[WHAT YOU HAVE TO DO]
The answer must be the full listing, retyped exactly.

··· INFORMATION SUPPLIED ···

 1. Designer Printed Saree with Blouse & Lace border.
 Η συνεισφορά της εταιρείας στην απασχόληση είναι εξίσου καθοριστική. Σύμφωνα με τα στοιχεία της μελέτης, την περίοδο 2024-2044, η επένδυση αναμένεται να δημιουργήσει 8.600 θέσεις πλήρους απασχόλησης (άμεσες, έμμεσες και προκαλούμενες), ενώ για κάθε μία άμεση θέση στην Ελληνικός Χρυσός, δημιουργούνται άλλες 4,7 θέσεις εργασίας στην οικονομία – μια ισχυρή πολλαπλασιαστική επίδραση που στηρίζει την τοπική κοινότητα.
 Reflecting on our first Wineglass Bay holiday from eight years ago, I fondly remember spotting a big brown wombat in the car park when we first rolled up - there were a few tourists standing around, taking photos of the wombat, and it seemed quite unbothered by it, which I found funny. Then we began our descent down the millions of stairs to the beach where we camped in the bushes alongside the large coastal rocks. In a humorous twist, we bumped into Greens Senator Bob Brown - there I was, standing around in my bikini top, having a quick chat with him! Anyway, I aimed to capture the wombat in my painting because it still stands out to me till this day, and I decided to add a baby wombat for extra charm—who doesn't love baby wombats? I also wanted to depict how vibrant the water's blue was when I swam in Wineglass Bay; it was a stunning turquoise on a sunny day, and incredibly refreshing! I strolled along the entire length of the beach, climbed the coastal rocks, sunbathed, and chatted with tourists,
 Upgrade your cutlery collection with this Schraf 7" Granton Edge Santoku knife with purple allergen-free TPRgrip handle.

···

[WRITTEN RESPONSE]
 1. Designer Printed Saree with Blouse & Lace border.
 Η συνεισφορά της εταιρείας στην απασχόληση είναι εξίσου καθοριστική. Σύμφωνα με τα στοιχεία της μελέτης, την περίοδο 2024-2044, η επένδυση αναμένεται να δημιουργήσει 8.600 θέσεις πλήρους απασχόλησης (άμεσες, έμμεσες και προκαλούμενες), ενώ για κάθε μία άμεση θέση στην Ελληνικός Χρυσός, δημιουργούνται άλλες 4,7 θέσεις εργασίας στην οικονομία – μια ισχυρή πολλαπλασιαστική επίδραση που στηρίζει την τοπική κοινότητα.
 Reflecting on our first Wineglass Bay holiday from eight years ago, I fondly remember spotting a big brown wombat in the car park when we first rolled up - there were a few tourists standing around, taking photos of the wombat, and it seemed quite unbothered by it, which I found funny. Then we began our descent down the millions of stairs to the beach where we camped in the bushes alongside the large coastal rocks. In a humorous twist, we bumped into Greens Senator Bob Brown - there I was, standing around in my bikini top, having a quick chat with him! Anyway, I aimed to capture the wombat in my painting because it still stands out to me till this day, and I decided to add a baby wombat for extra charm—who doesn't love baby wombats? I also wanted to depict how vibrant the water's blue was when I swam in Wineglass Bay; it was a stunning turquoise on a sunny day, and incredibly refreshing! I strolled along the entire length of the beach, climbed the coastal rocks, sunbathed, and chatted with tourists,
 Upgrade your cutlery collection with this Schraf 7" Granton Edge Santoku knife with purple allergen-free TPRgrip handle.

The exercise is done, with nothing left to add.